Walker incorporated most of the major tenets of black nationalism in the Appeal. He stated that blacks must have a nation of their own, they must provide for their own defense, and they must follow black leaders. He repeated the traditional messianic view for blacks. Many historians view Walker as America’s earliest black nationalist. He was undoubtedly one of the more significant black ideologists and writers of the antebellum period; given his southern heritage, Walker was a remarkable figure. White southerners and slaveholders naturally held Walker in low esteem, but southern reactions to David Walker’s Appeal were indicative of their concerns and fears if the book and its ideas were widely circulated in the South.
Walker utilized a series of unofficial agents—black sailors, newspapermen, ministers, and other free blacks—to distribute the Appeal in southern port cities. On December 29, 1829, only three months after initial publication, the police in Savannah, Georgia, seized sixty copies of the Appeal that Walker had sent to Reverend Henry Cunningham. The next month, Atlanta officials intercepted twenty copies forwarded to newspaperman Elijah Burritt, a transplanted white New Englander. After it was discovered that Burritt had requested a copy (or more) of the tract, Burritt thought it prudent to go back north. Virginia Governor William Giles alerted the state assembly that a black person had circulated copies in Richmond. Copies were discovered in Walker’s birthplace of Wilmington, North Carolina, in August 1830. City officials in Charleston, South Carolina, and New Orleans were alarmed when copies of the Appeal reached their cities in March 1830.
Public and legislative reactions were predictable as stricter measures against slave literacy, unsupervised slave religious activity, and the freedom of slaves to interact with free blacks were enforced in some states and passed in others. The circulation of David Walker’s Appeal aroused the three central fears of slaveowners—that slave literacy was a dangerous skill, that black preachers posed a real threat, and that literate blacks could read to groups of illiterate slaves.

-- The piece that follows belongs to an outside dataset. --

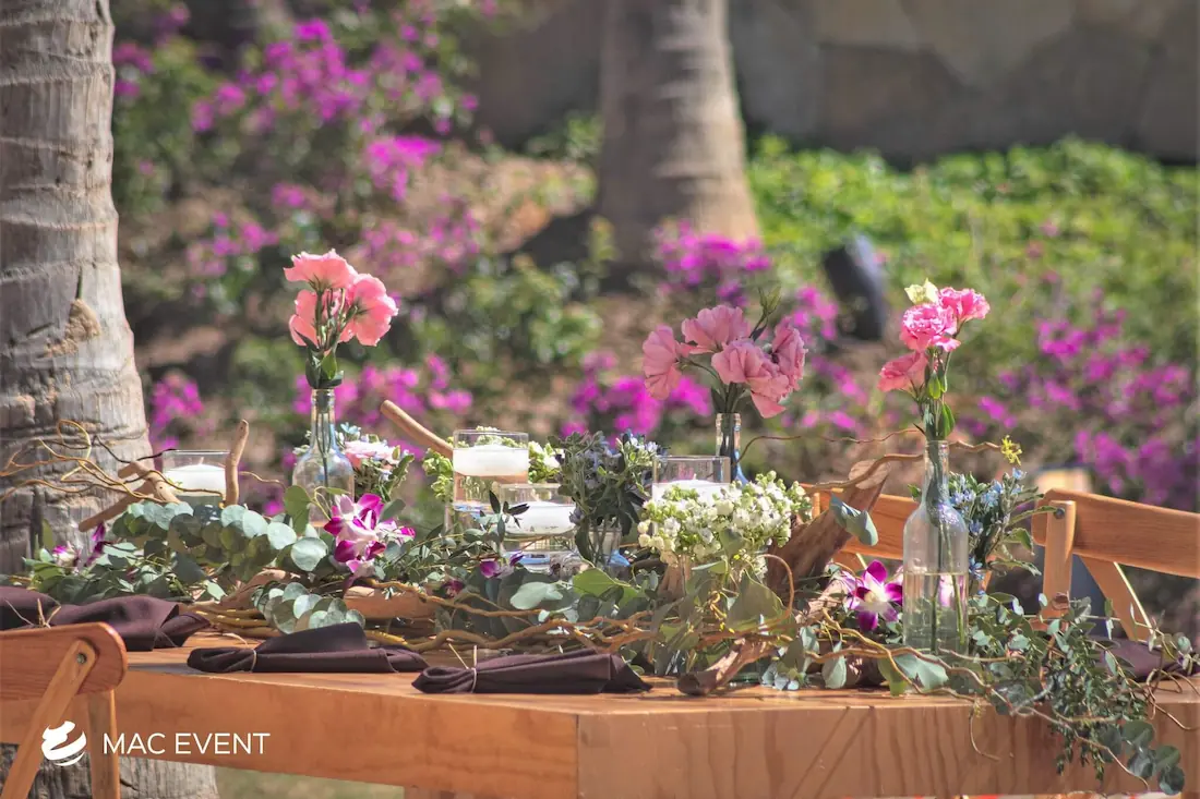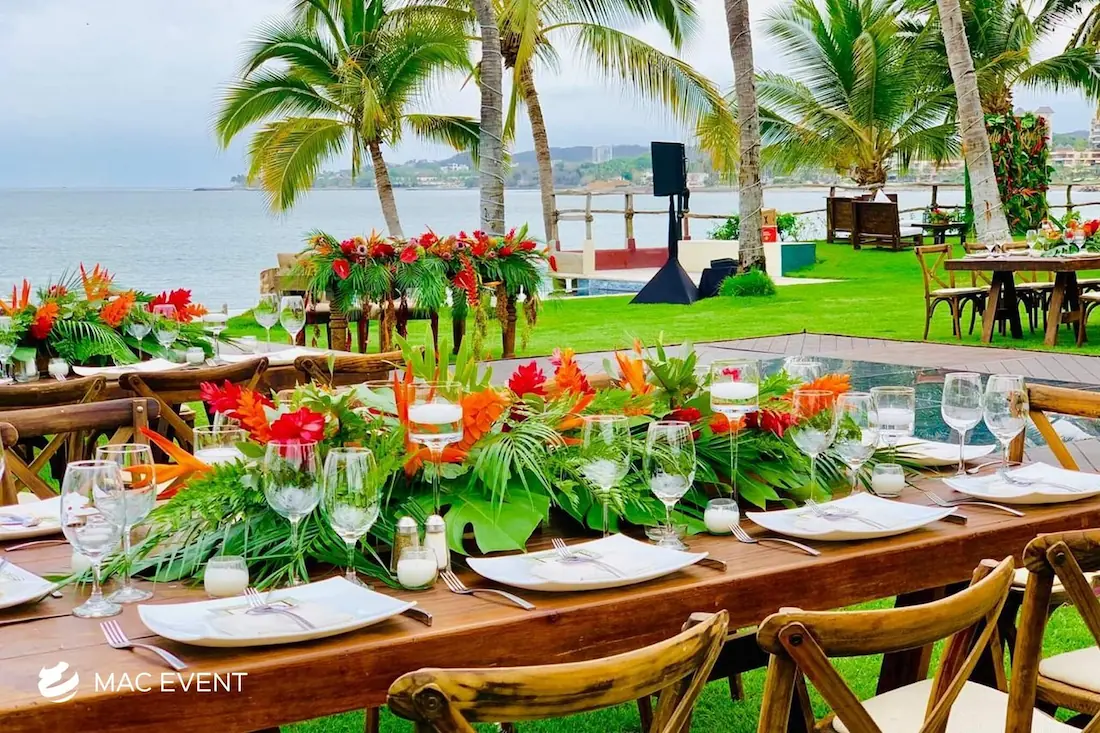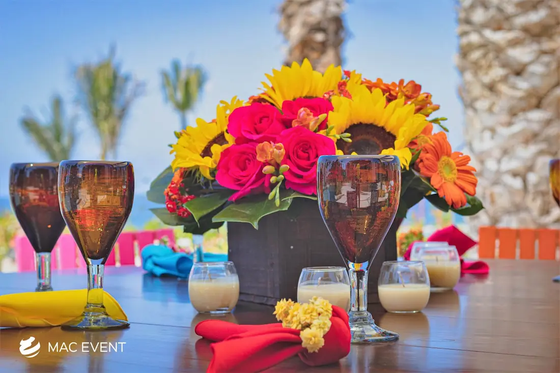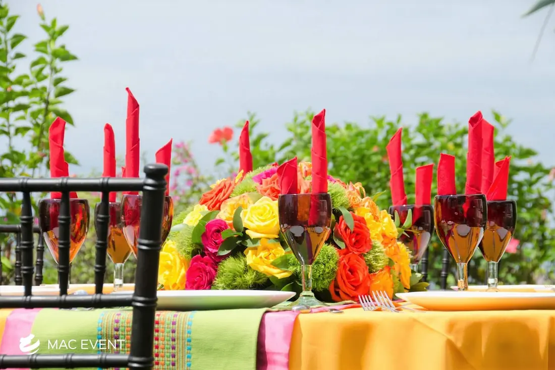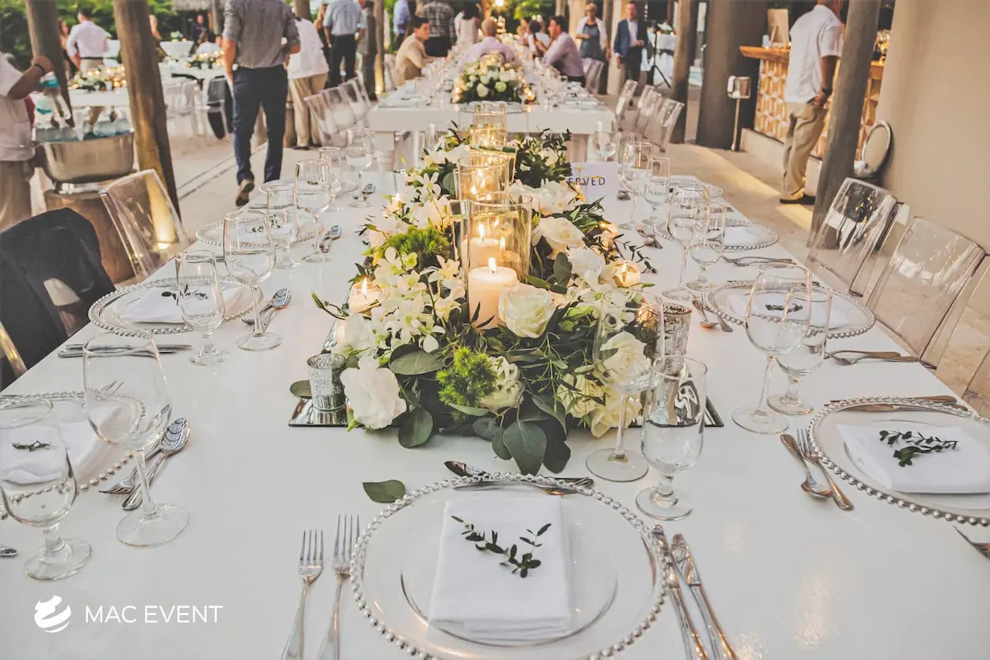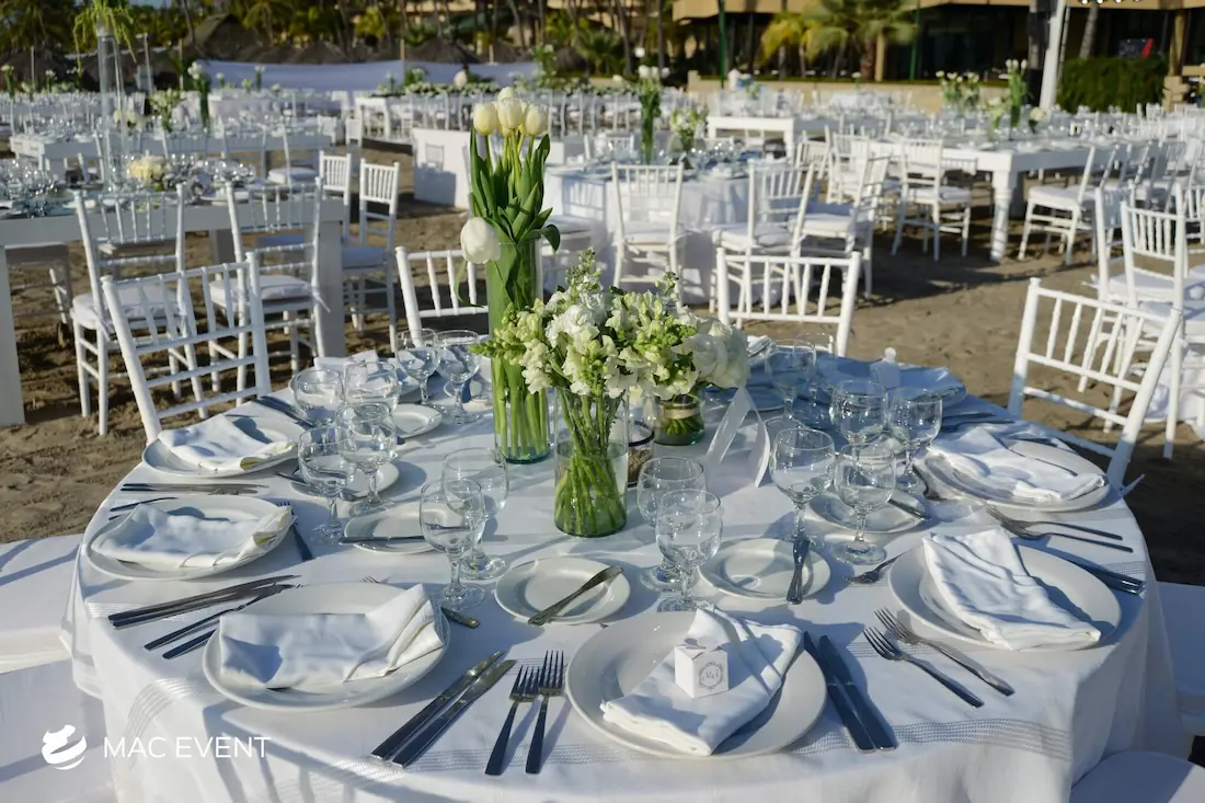 The banquet table centerpiece adds elegance and harmony to long table setups at weddings, parties, and corporate events in Bucerias. Designed to complement extended dining arrangements, this event décor rental enhances the flow and visual balance of your space. Whether styled with lush greenery, candles, or floral arrangements, the banquet table centerpiece creates a warm and sophisticated atmosphere that encourages conversation and connection. Renting banquet table centerpieces in Bucerias ensures a coordinated and polished presentation that perfectly matches your event theme. For a refined and inviting dining experience, this centerpiece is an ideal finishing touch.

Rumors surrounding Walker’s death in June 1830 were rampant. One rumor was that he had been poisoned, another was that several Georgia men had offered a reward of $1,000 for Walker dead or $10,000 for Walker alive. There is no clear evidence that Walker died from anything more than natural causes, and most likely consumption. Walker’s true legacy focused on his Appeal, his active opposition to slavery worldwide, and his role in the evolution of black nationalism.